▶ **What to produce**:
The response should consist of the data below, copied exactly, with no pictures in it.

▶ **Dataset section**:
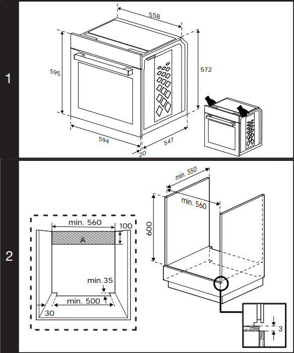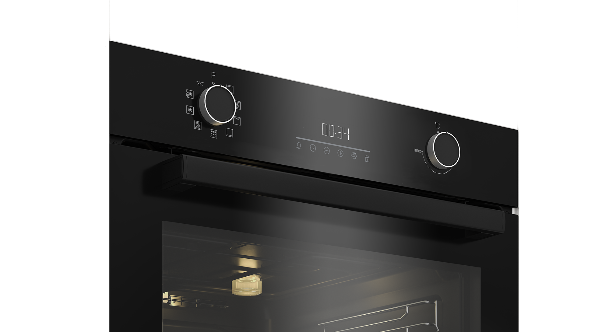 Uunia ohjataan kosketusnäytön ja kiertosäätimien avulla. Valkoinen LED-näyttö näyttää ajan, ajastimen ja lisäasetukset selkeästi, ja näytön kirkkautta voidaan säätää ympäristön mukaan. Ohjauspaneelin lukitustoiminto estää tahattomat painallukset ja helpottaa puhdistusta.
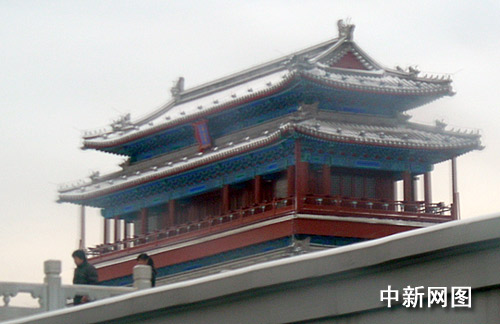 今天(10日)凌晨,随着一道闪电一阵惊雷,漫天白雪悄然飘下。一夜飘雪,使今早的京城笼罩在一片白茫茫的大雪中。中新网记者 金硕 摄
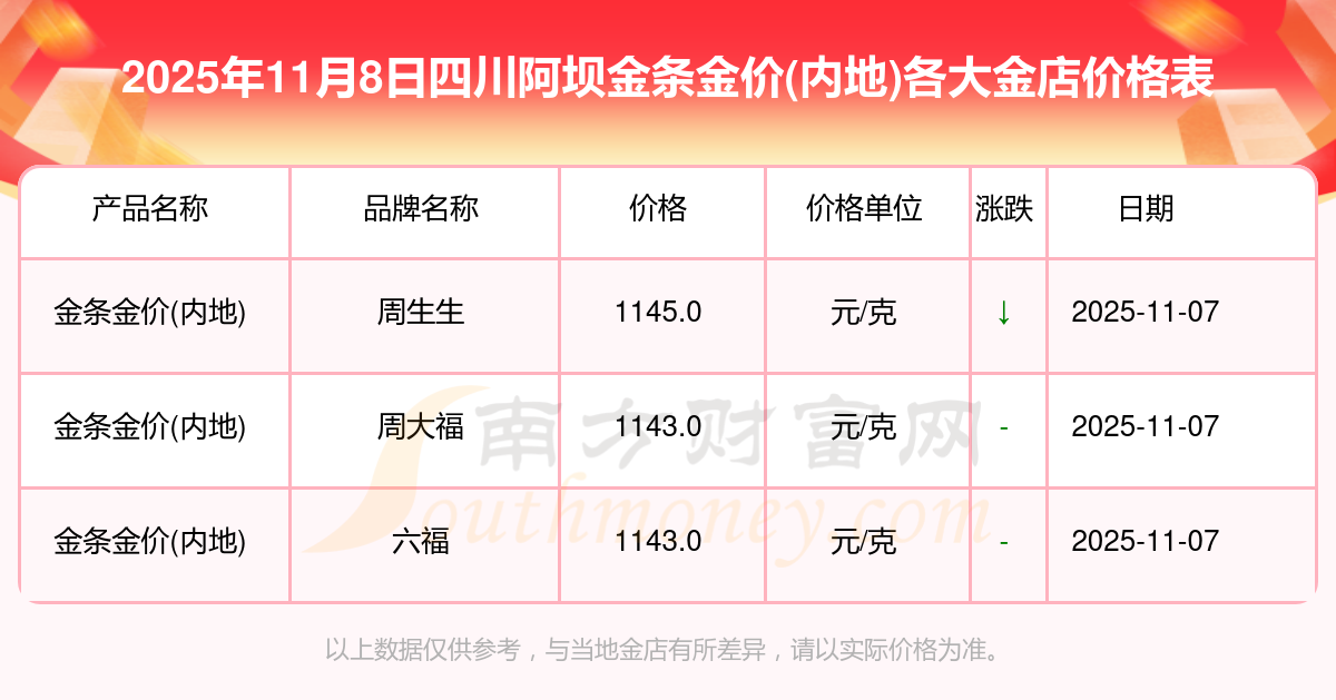 2025年11月8日四川阿壩各大金店金條金價(內(nèi)地)最新價格查詢來了:寶泉錢幣11.4元/克,金蘭首飾1263.0元/克,金蘭首飾560.0元/克,謝瑞麟1202.0元/克,謝瑞麟1268.0元/克,謝瑞麟44260.0,謝瑞麟13080.0,謝瑞麟39960.0,金銀街1243.0元/克,金銀街1258.0元/克,金銀街1248.0元/克。

▶ **Task result**:
 Uunia ohjataan kosketusnäytön ja kiertosäätimien avulla. Valkoinen LED-näyttö näyttää ajan, ajastimen ja lisäasetukset selkeästi, ja näytön kirkkautta voidaan säätää ympäristön mukaan. Ohjauspaneelin lukitustoiminto estää tahattomat painallukset ja helpottaa puhdistusta.
 今天(10日)凌晨,随着一道闪电一阵惊雷,漫天白雪悄然飘下。一夜飘雪,使今早的京城笼罩在一片白茫茫的大雪中。中新网记者 金硕 摄
 2025年11月8日四川阿壩各大金店金條金價(內(nèi)地)最新價格查詢來了:寶泉錢幣11.4元/克,金蘭首飾1263.0元/克,金蘭首飾560.0元/克,謝瑞麟1202.0元/克,謝瑞麟1268.0元/克,謝瑞麟44260.0,謝瑞麟13080.0,謝瑞麟39960.0,金銀街1243.0元/克,金銀街1258.0元/克,金銀街1248.0元/克。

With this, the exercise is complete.